8 thoughts on “Bells – Cathedral of Our Lady of the Angels

  1. The Catholic church should have RESPECT for other people’s right to peace and quiet in their homes. They should shut down their bells and/or amplied sound systems. The church thinks they are God and will throw anyone into court that does not agree with them.

    The Catholic church can have all the religious freedom they want within their 4 walls. Church bells are a form of forced religion. There should be a separation of church and state.

    And, the noise law in Los Angeles discriminates. It allows for some “exemptions” for churches but NOT other religous organizations. Councilmember Ed Reyes and County Supervisor Gloria Molina refuse to help fix or change the law. No one or organization should be “above the law”.


  2. Hi Susan. Obviously you live adjacent to the church! 🙂

    I definitely agree with your comment that there should be a separation between church and state. I think most Americans believe in this. I am not a Catholic or a member of any other organized religion, but I find a certain beauty in the sound of church bells on a Sunday morning (no matter how late I was out the night before). I also like the esthetic grace of the bell shape and the architecture of the churches that house them.

    I respect your opinion and thank you for yourcomments.

    Maybe some one else will “chime” in on this topic.

    Liked by 1 person

  3. In this picture, it is proved that when Nikon D3 is in the right hands, then reality can be certainly transferred to the “paper”.

    Extremely live photograph, sharp angles everywhere, strong colours and the viewer is expecting to hear the bells ringing, next.

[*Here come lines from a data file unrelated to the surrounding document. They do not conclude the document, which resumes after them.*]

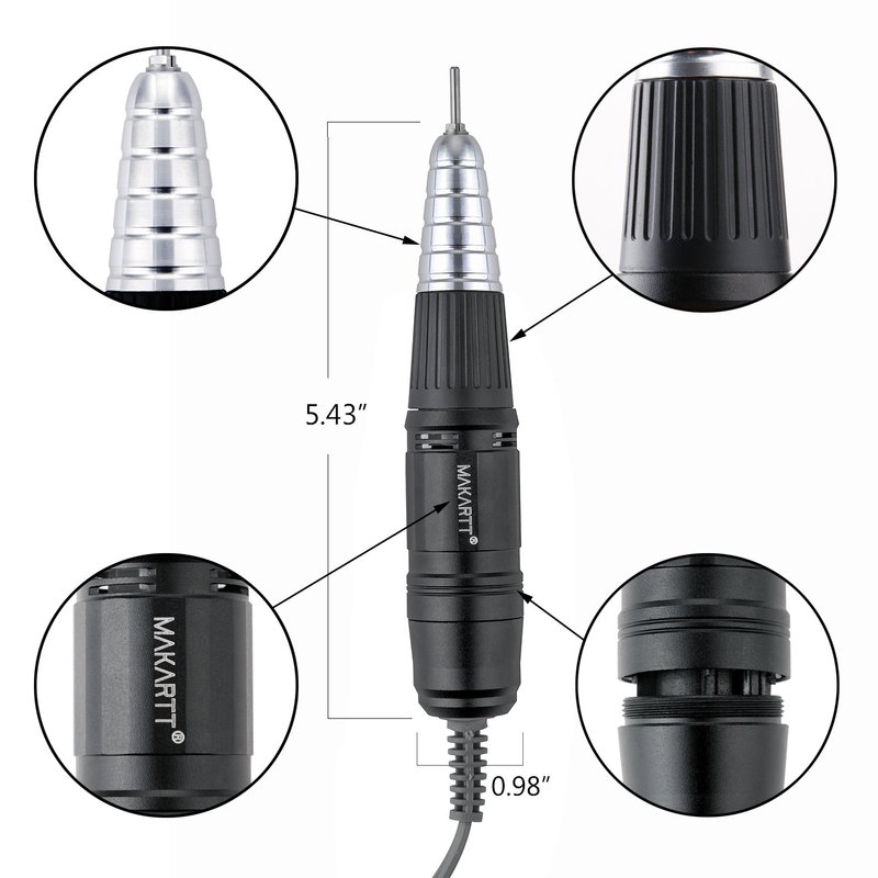 Makartt Nail Drill Handpiece for Up200 Machine Professional Electric File Remove Gel Polish Poly Nail Gel Black B-05
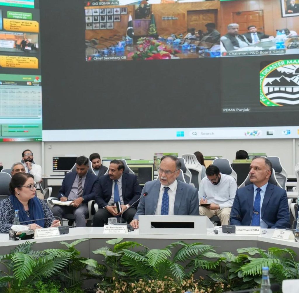 Federal Minister of Planning Development & Special Initiatives Ahsan Iqbal chaired the meeting along with the Coordinator to PM on Climate Change Romina Khurshid Alam at the National Emergency Operation Center, NDMA Headquarters Islamabad.
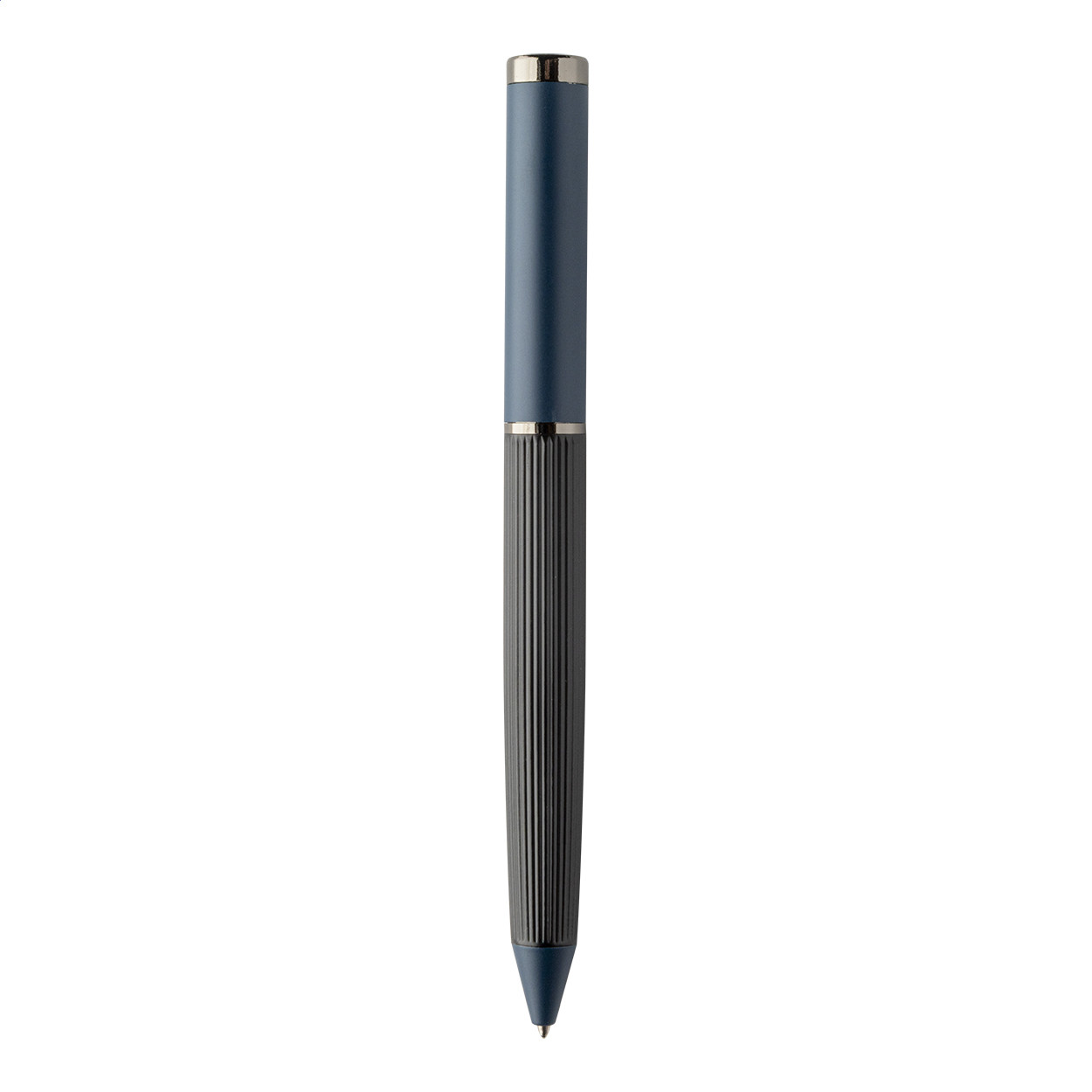 Elegáns, fém golyóstoll és rollertoll szett csíkos testtel, színes díszítőelemekkel és fényes fegyverfém részletekkel. Színben hozzáillő ajándékdobozban, kék tollbetéttel. André Philippe márkatermék. Golyóstoll klipsz alatt - jobbkezes
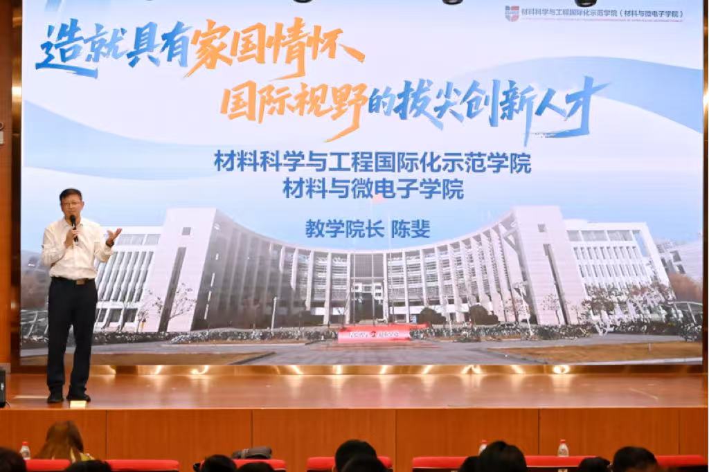 随后,在校生代表材科sy2202蔡子翾同学回顾自己的学习科研经历,激励同学们脚踏实地,夯实基础,大胆创新,为实现科技强国而不懈奋斗。微电子英才2501班郭梦然同学代表微电子专业同学表达了刻苦学习、开拓创新、报效祖国的决心和毅力。材科鲲鹏2501班徐子奕同学代表材料科学与工程专业同学发言,他承诺将牢记责任与使命,不断汲取知识,为实现中国梦贡献材料力量。
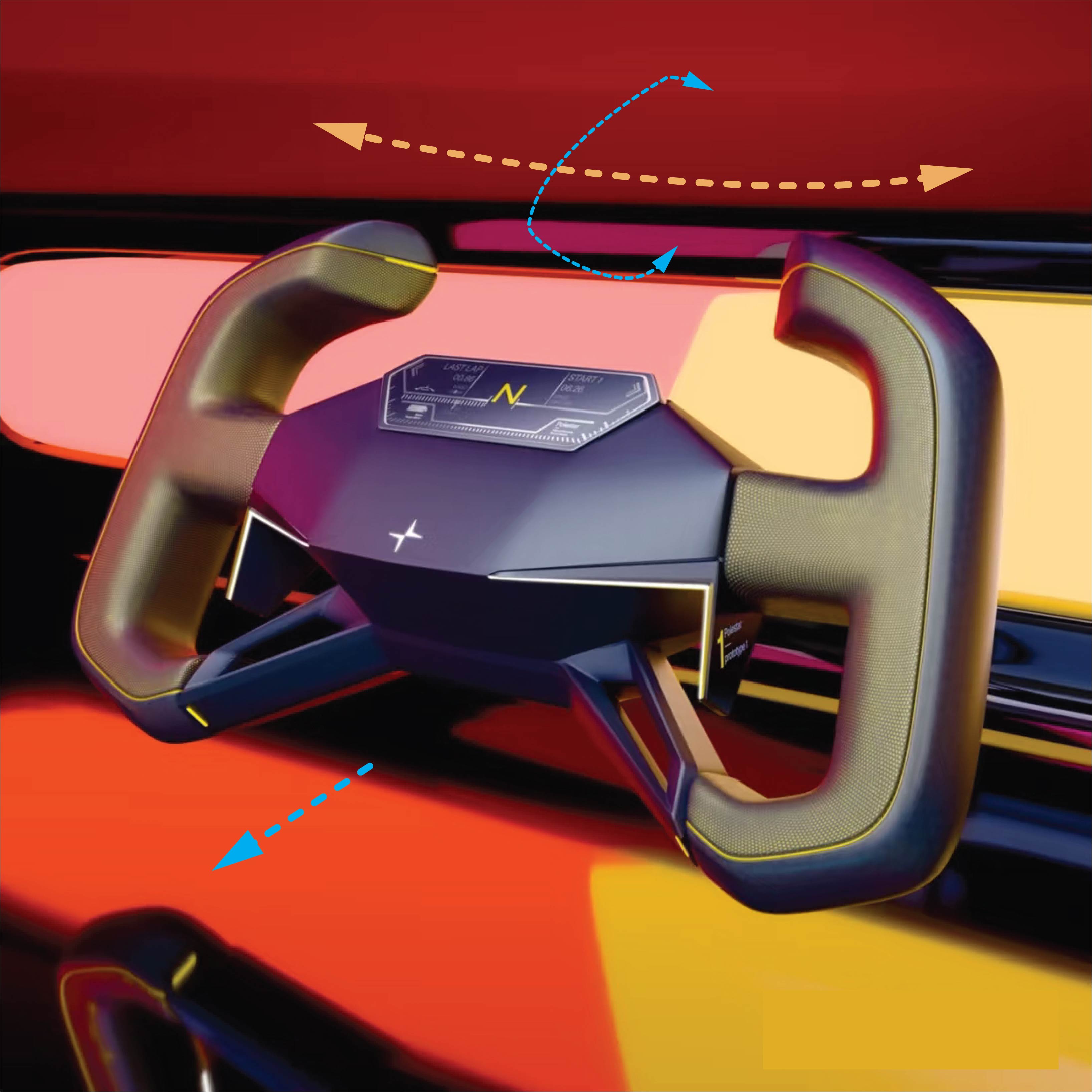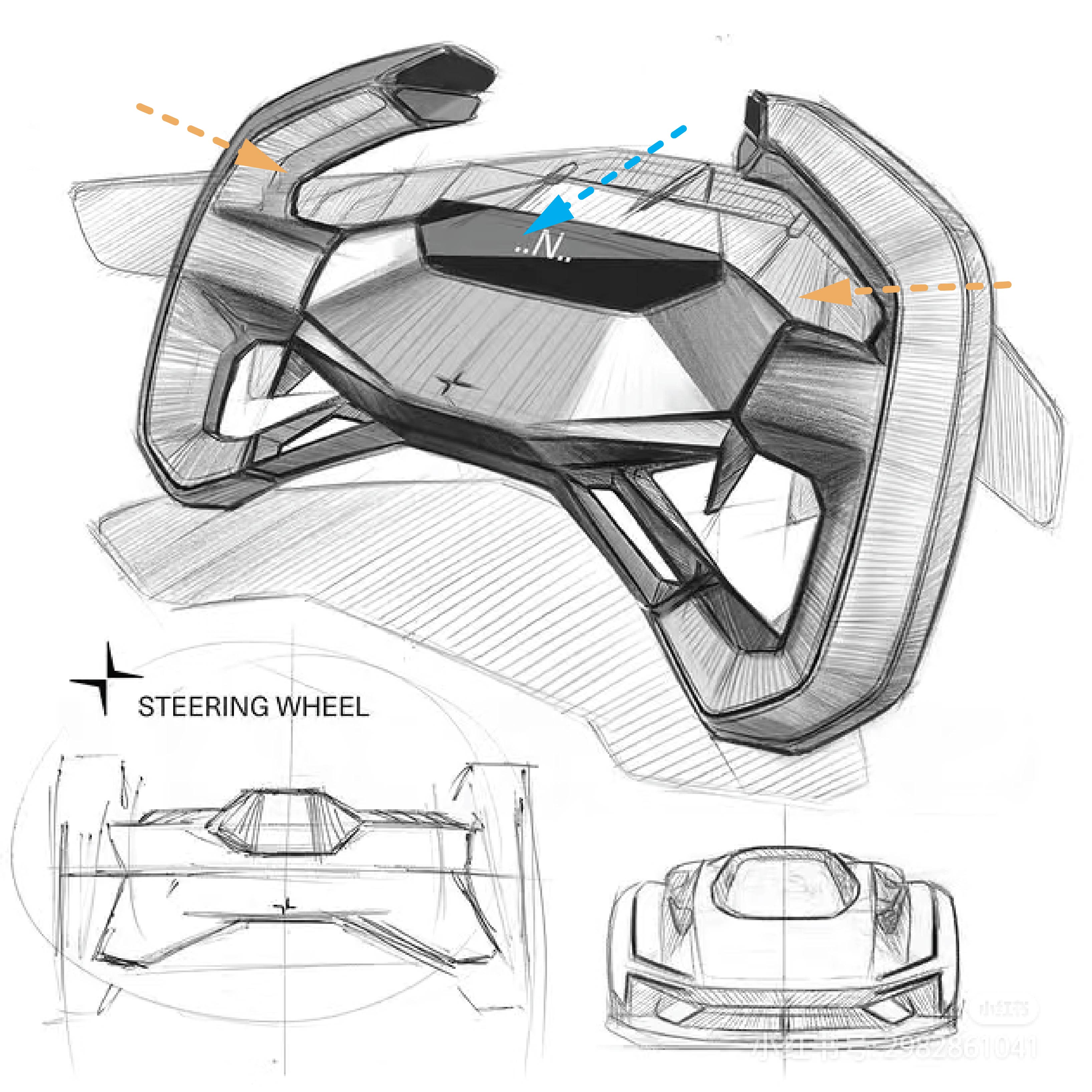 Be aware there’re changes from sketch to renderings. The central geometry poked outward, emphasizing dominance and presence.The soft visual on grips indicate a dominant, substantial hold.
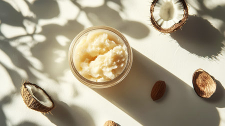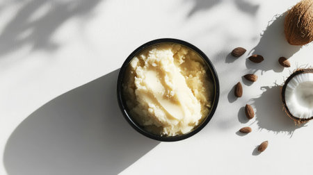 Shea butter and coconut on aesthetic background, top view, organic cosmetic ingredients. Skincare concept. Generative AI.
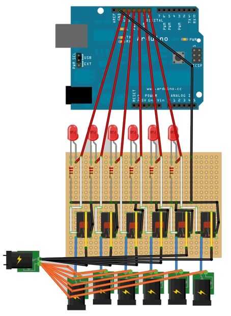 Este es el paso importante antes de iniciar su milagro de maravillas. En primer lugar, conecte todo su relé de cables a cada pin. Conectar la tierra a la fuente de alimentación principal. En otras palabras, hacer un circuito simple con los cables. Pretender el "enchufe de 3 puntas macho" es su fuente de energía, los 6 "hembra cables" son su "carga" (o bombilla), y el "cambio" es los relés. Asegúrese de que cada relé se conecta a una sola carga. Si necesitas ayuda, puedes mirar mi diagrama.
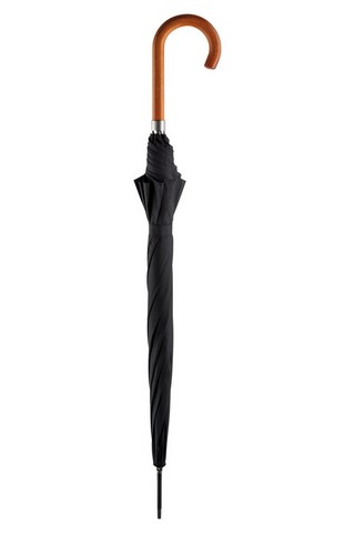 Parasol o właściwościach wiatroodpornych. Stelaż o właściwościach wiatroodpornych wykonany z metalu i elementów z włókna szklanego. Wygodna funkcja szybkiego, automatycznego, otwierania. Większa odporność na korozję dzięki galwanizacji kija. Podpalana, drewniana, zagięta rączka z metalowym pierścieniem z możliwością wykonania graweru laserowego. Drewniane elementy mogą posiadać przebarwienia co wynika z jego naturalnych właściwości i nie stanowi podstawy do reklamacji. Podwyższona ochrona przed korozją dzięki galwanizowaniu kija parasola na kolor czarny. Parasol automatyczny 10 mm stalowy kij. Kolorystyka: biały, czerwony, bordowy, zielony, euroblue, granatowy, szary, czarny
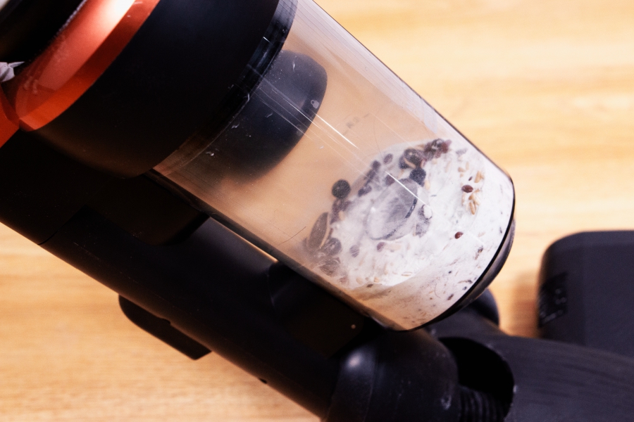 主機上的二級塵杯清潔也非常簡單,一鍵按下灰塵自動掉落,完全不臟手。塵杯依然可以水洗,避免細菌滋生。
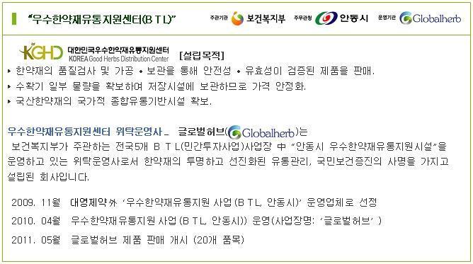 ![]() 우수한약재유통지원센터 위탁운영사_ 글로벌허브 글로벌허브 제품 '6월1일부터 순차적 판매~ ![]() ▷우수한약재 "글로벌허브" 제품을 순차적으로 판매하겠습니다. 대 영 제 약(주) ![]() |
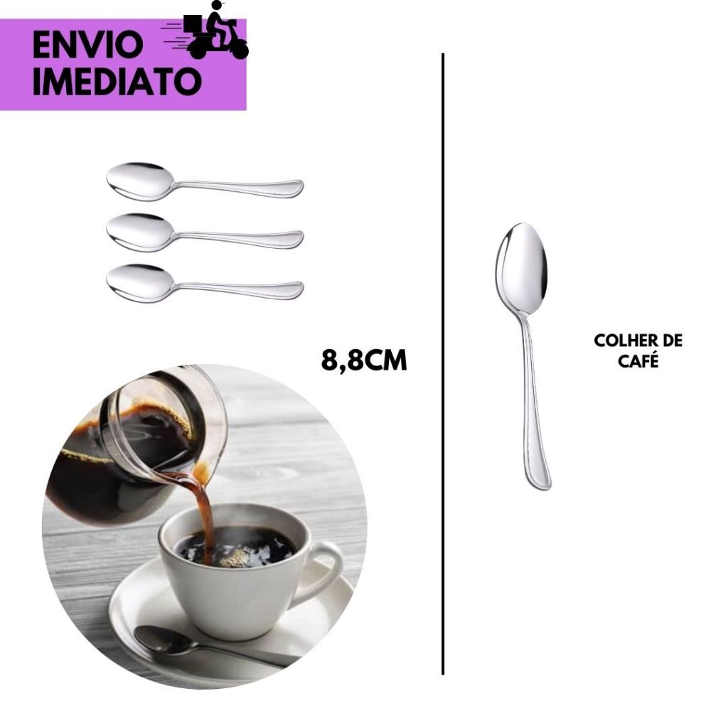 Kits 24 ou 12 unidades de Colher de Café Inox Pequena Elegantes, Resistentes e Fáceis de Limpar

    As for the disturbance issue, it might happen eventually, but somebody must bear in mind the hundreds of noise pollution sources that transmit continuously in a city, with the church bells having a low position in this line. And yes, there is beauty in a bell’s sound!

    ps I would be very curious to see the master file

    Liked by 1 person

  4. Thanks for your comment. You seem to have a feel for what I was going for, much more so than Susan who was probably in the throws of a hangover at the time. 🙂

    Since it was an HDR image, there are actually nine different master RAW-NEF 14-bit files. Only one is the correct exposure, 4 are overexposed in intervals of -0.7 and 4 are underexposed in intervals of +0.7 (that was an error on my part in the original explanation that the exposures were one full stop apart).

    RAW master files do not look very good, I can tell you that. Anything set in the camera is merely an instruction and has not been applied to the file (I don’t use any in-camera sharpening either). In fact it is b&w until it is opened in Adobe Camera Raw, much like Kodak Kodachrome film which was b&w at the time of exposure and then dye couplers were added during processing at Kodak.

    So you probably wouldn’t want to see the master files.

    Liked by 1 person

  5. I happen to love the sound of bells, large ones, small ones, it doesn’t matter to me where or when, and this is a lovely image. That being said….this blog is about art, not politics. Keep up the good works and keep ringing dem bells, Baby!